How Days On Market Affects Buyer Offers
What Does Days On Market (DOM) Really Mean to Homeowners?
Days on Market or DOM is a real estate statistic that can be very misleading for both homeowners and home buyers. On the surface, this is just the number of days a particular property has been listed on the multiple listing service (MLS) without being sold.
Sounds simple, yes?
Not so fast. For instance, 50 days on market could sound like a long time in a particular zip code, price range or dwelling type (single family home, condo, etc.).
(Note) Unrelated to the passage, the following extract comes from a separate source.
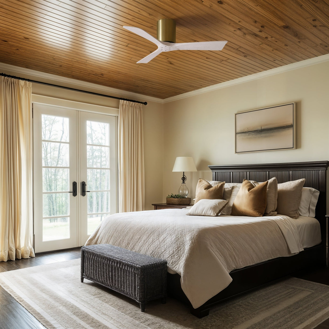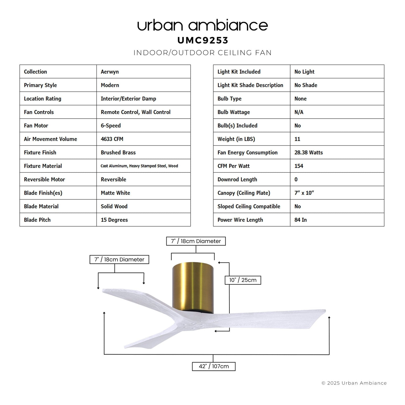 UMC9253 Modern Indoor/Outdoor Ceiling Fan, 10" H x 42" W x 42" D, Brushed Brass Finish, Aerwyn Collection

The same 50 days means something completely different in a different zip and price range.
For example let’s look at all single family homes in the Scottsdale zip code of 85251. The average days on market *for that zip code and all homes overall* for the six months ending 3/23/2018 was 70.
Now let’s look at how price influences that number:
- $200,000 to $300,000 DOM was 59
- $300,000 to $400,000 DOM was 68
- $400,000 to $500,000 DOM was 77
- $500,000 to $600,000 DOM was86
Are you seeing a pattern here? Yes! Price influences how long it takes a home to sell.
There are many factors other than price that influence Days On Market. Here are just a few:
- Zip Code – Location Location Location. Great neighborhood vs not as great affects Days On Market.
- Condition of the home or homes nearby – We have all seen the “ugly house next door” problem and unfortunately, it DOES impact Days on Market.
- Listing Status. A listing is in Active status when it is entered into the MLS. This is when the Days On Market counter starts. When a contract is accepted by the seller, the agent can place the house on Pending status which stops the DOM counter and Buyers Agents can no longer show it. The seller can, however, choose to keep marketing the house for backup offers in case the accepted offer “falls out”, which can happen.
To keep marketing the listing, the agent can place the house in UCB (under contract but accepting backup offers) or CBS(contingent on the buyer selling their own home) status which keeps the DOM meter running.
- Listing price is too high. Most sellers think their home is worth more than all the neighbors’ homes. It might take the seller several weeks or even months to “get real” about their home’s actual worth and what the market will bear.
Some sellers just want to “throw a hook in the water” to see if someone bites before reducing their price to attract buyers. I do NOT recommend that strategy because it signals to buyers that the home has been on the market longer and is not selling, triggering lower offers.
- Poor Marketing. This is my favorite. Many agents have no marketing plan other than to put the house on the MLS with a few poor quality photos and hope a buyer stumbles onto it. Yes, this happens all too often. Just look at any search site to see the haphazard way most listings are put together.Hire a Realtor who can represent your home to Buyers in a way that will get it sold quickly and for the right price. Be SURE to ask for their Digital Marketing Plan since they have to market where the buyers are, which is ONLINE!
I hope you can see by now that the “Days On Market” number is really not very significant except to see very general trends in a market.
Use it to see if homes (in general) are selling faster this year than last year in your city or state but not to see how long it will take to sell YOUR house. For that, you will need a Realtor who knows how to obtain and interpret the data in your neighborhood and give you a fair assessment of value and selling time.